Kurangin Makan Makanan yang Terlalu Manis Jika Tidak Mau Terkena Penyakit ini

1.Tidak bisa berhenti makan

Leptin merupakan protein yang dibuat dalam sel-sel lemak, beredar dalam aliran darah, dan diedarkan ke otak. Leptin adalah suatu hormon penanda bahwa Anda sedang lapar atau kenyang.

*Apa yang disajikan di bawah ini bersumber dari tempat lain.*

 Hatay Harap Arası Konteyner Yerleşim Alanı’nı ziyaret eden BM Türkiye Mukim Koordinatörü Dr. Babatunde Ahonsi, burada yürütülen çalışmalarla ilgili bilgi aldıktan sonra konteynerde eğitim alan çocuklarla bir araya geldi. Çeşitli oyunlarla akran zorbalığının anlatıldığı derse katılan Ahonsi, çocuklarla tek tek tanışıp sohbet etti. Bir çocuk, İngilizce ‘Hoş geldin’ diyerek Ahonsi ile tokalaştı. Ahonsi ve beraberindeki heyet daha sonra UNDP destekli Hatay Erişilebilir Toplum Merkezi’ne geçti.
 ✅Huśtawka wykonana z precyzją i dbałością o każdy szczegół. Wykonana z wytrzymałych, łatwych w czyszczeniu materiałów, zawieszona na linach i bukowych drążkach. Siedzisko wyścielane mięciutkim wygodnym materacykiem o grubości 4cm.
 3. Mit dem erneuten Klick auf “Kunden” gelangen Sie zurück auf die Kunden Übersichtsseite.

Sebuah studi menemukan bahwa kadar gula yang berlebihan dalam tubuh Anda akan meningkatkan risiko resistensi leptin. Akibatnya, Anda tidak akan berhenti untuk makan karena otak Anda tidak akan merasa kenyang meskipun Anda sudah makan banyak. Resistensi leptin inilah yang akan membuat Anda terus makan yang dapat berakibat pada meningkatnya risiko obesitas.

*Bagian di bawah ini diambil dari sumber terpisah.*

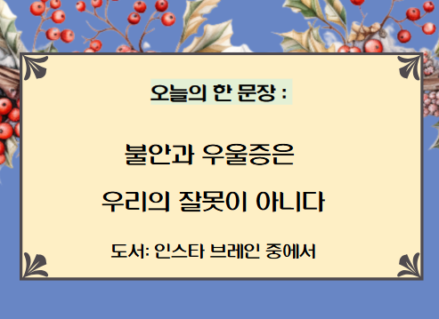 어찌 이 말이 나에게 위로가 되는 것일까? 불안에서 오는 스트레스가, 해야 할 일이 많는데, 시간은 없고, 문제는 해결이 안되고'하는 이런 우울감들이 결국 나를 지키려는 몸부림이라는 사실이 알았고, 이것 또한 내 잘못이 아니라는 것'이 내게 희망을 가져다 준다. 지금 내 몸안에서, 내 뇌 속에서 부지런히 나를 보호하기 위해 활동하고 있다'는 생각이 나에게 위로와 마음의 안정을 오하려 가져다 준다니, 참 아이러니하다. 그러나 열심히 내 몸이 나를 위해서 일하고 있으니, 어쨓든 해결책을 찾아나가는 것이 매우 중요하다는 것을 다시한번 깨닫게 된다. 역시 책은 우리에게 도움을 주고, 지혜와 지식을 줘서 우리를 건강하게 그리고 우리가 행복하도록 만들어 준다는 사실을 발견하게 된 시간이 되었다.

2.Meningkatkan risiko diabetes dan obesitas

Robert Lustig, seorang pediatrik neuroendokrinologis, menyatakan bahwa terlalu banyak konsumsi makanan manis akan menumpuk lemak perut yang berbahaya dan membuat otak Anda selalu berpikir bahwa Anda sedang lapar. Akibatnya, timbunan lemak di bagian perut dapat menjadi tanda kesehatan yang buruk, seperti masalah peradangan dan tekanan darah tinggi. Selain itu, studi yang dilakukan oleh John L. Sievenpiper et al menyatakan bahwa kalori dalam gula jauh lebih berbahaya. Menambahkan gula dalam makanan dan minuman akan memberikan dampak yang lebih membahayakan. Fruktosa dikaitkan dengan memburuknya tingkat insulin dalam tubuh dan menyebabkan toleransi glukosa, yang merupakan faktor penentu kondisi pradiabetes ataupun obesitas.

3.Merusak jantung

Tidak hanya dapat meningkatkan risiko peningkatan berat badan, terlalu banyak makanan manis juga dapat mengembangkan penyakit jantung koroner. Studi yang diterbitkan dalam Journal of American Heart Association (2013) menemukan bahwa molekul pada gula yaitu glukosa 6-fosfat- dapat menyebabkan perubahan otot jantung yang dapat berujung pada gagal jantung. Selain itu, studi yang diterbikan dalam JAMA: Internal Medicine juga menemukan bahwa orang yang mengonsumsi gula 17-21% dari total kalori akan meningkatkan risiko penyakit kardiovaskular dibandingkan dengan orang yang mengonsumsi gula 8% dari total kalori.

4.Meningkatkan risiko kanker

Setiap sel dalam tubuh Anda membutuhkan gula (glukosa) untuk digunakan sebagai energi. Glukosa tersebut nantinya akan dialirkan ke setiap sel dalam tubuh Anda untuk meningkatkan fungsi otak. Bahkan, tanpa karbohidrat, tubuh Anda akan tetap membuat gula dari sumber lain, termasuk protein dan lemak. Sehingga jika Anda terlalu banyak mengonsumsi makanan manis, Anda akan mengalami peningkatan berat badan. Kelebihan berat badan ternyata dapat menyebabkan perubahan kadar hormon seks atau insulin yang dapat meningkatkan risiko pengembangan kanker payudara, usus besar atau kanker rahim. Selain itu, sebuah studi juga menemukan bahwa terlalu banyak asupan gula dapat meningkatkan risiko kanker tertentu, seperti kanker kerongkongan.